The feud between Wall and Antinori came to a head between factions of Antinori Gang, dissatisfied members of Chicago and St. Louis criminal outfits to whom Antinori was supplying narcotics, and Wall's organization. On the morning of October 23, 1940, Antinori was shot dead by two gunmen while sipping his morning coffee at a local restaurant. Wall himself had seen an attempt on his life go awry earlier that spring, possibly by some members of Antinori's outfit or even by some in Antinori's ties to St.

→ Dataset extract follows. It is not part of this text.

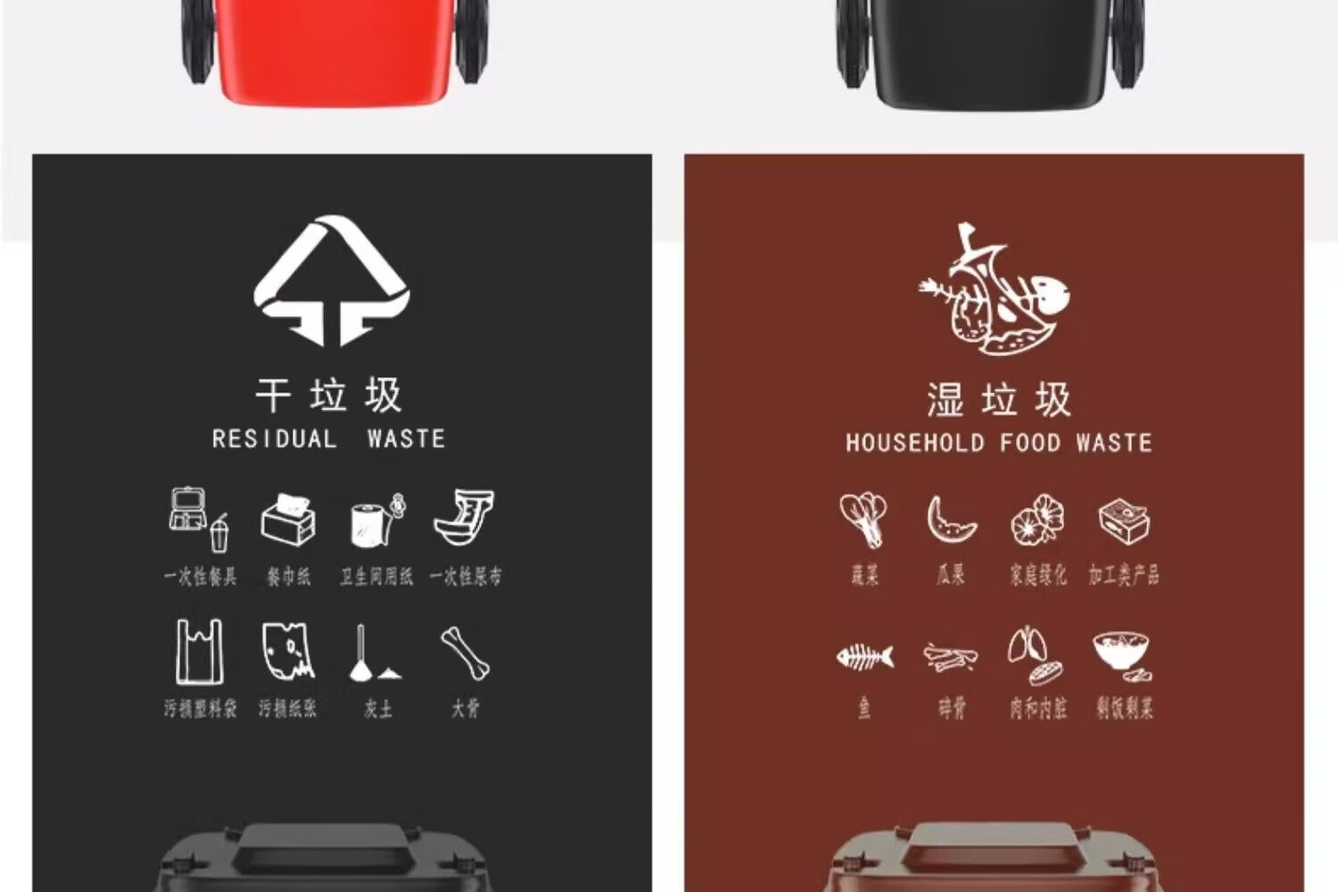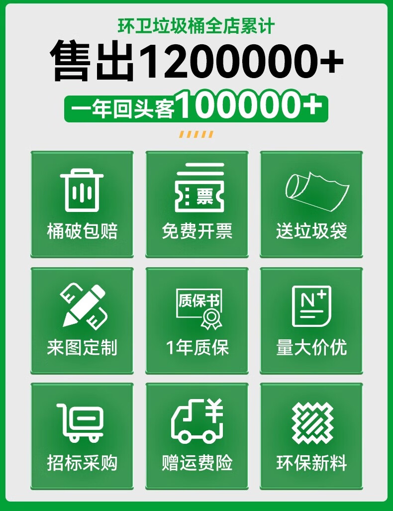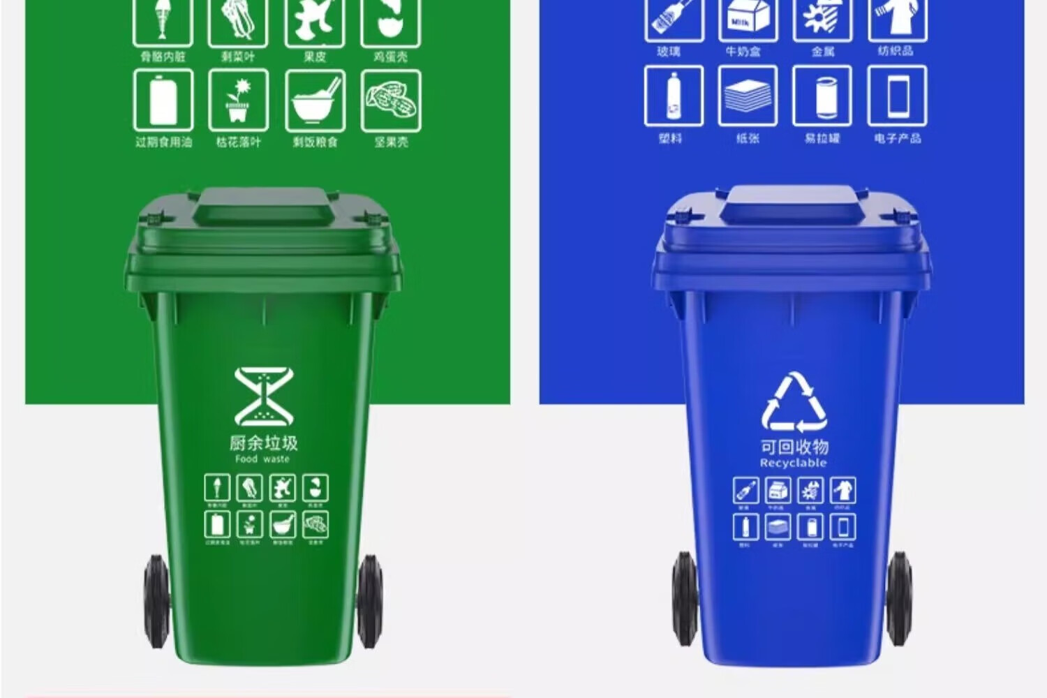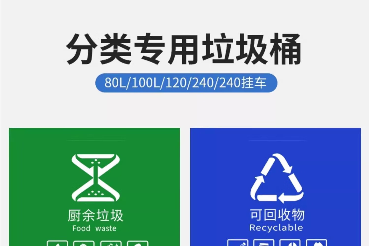 Kai Tak Outdoor Classified Trash Cans Community Property Sanitation Trash Cans Catering Kitchen Hotel Dry and Wet Separation Special Trash Cans 120L Extra Thick Green - Kitchen Waste

Louis mobster Thomas Buffa and/or Kansas City mobsters Nicolo Impostato, James DeSimone and Joseph Deluca.

Charlie Wall supposedly retired from the rackets in the late 1940 but was nevertheless brutally murdered in his home on April 18, 1955. Though the case was never solved, the murder may have been ordered by Santo Trafficante Jr. after his father died (of natural causes) in 1954, removing Wall's promise of protection.

==In popular culture==

The account and rise and fall of Wall was depicted in the 2008 documentary film The Ghosts of Ybor: Charlie Wall which starred actors John A. Schakel as Wall, Gene Siudut as Joe Bedami, Chris Pardal as Johnny "Scarface" Rivera, and Rod Grant as the lead detective in the Wall murder investigation.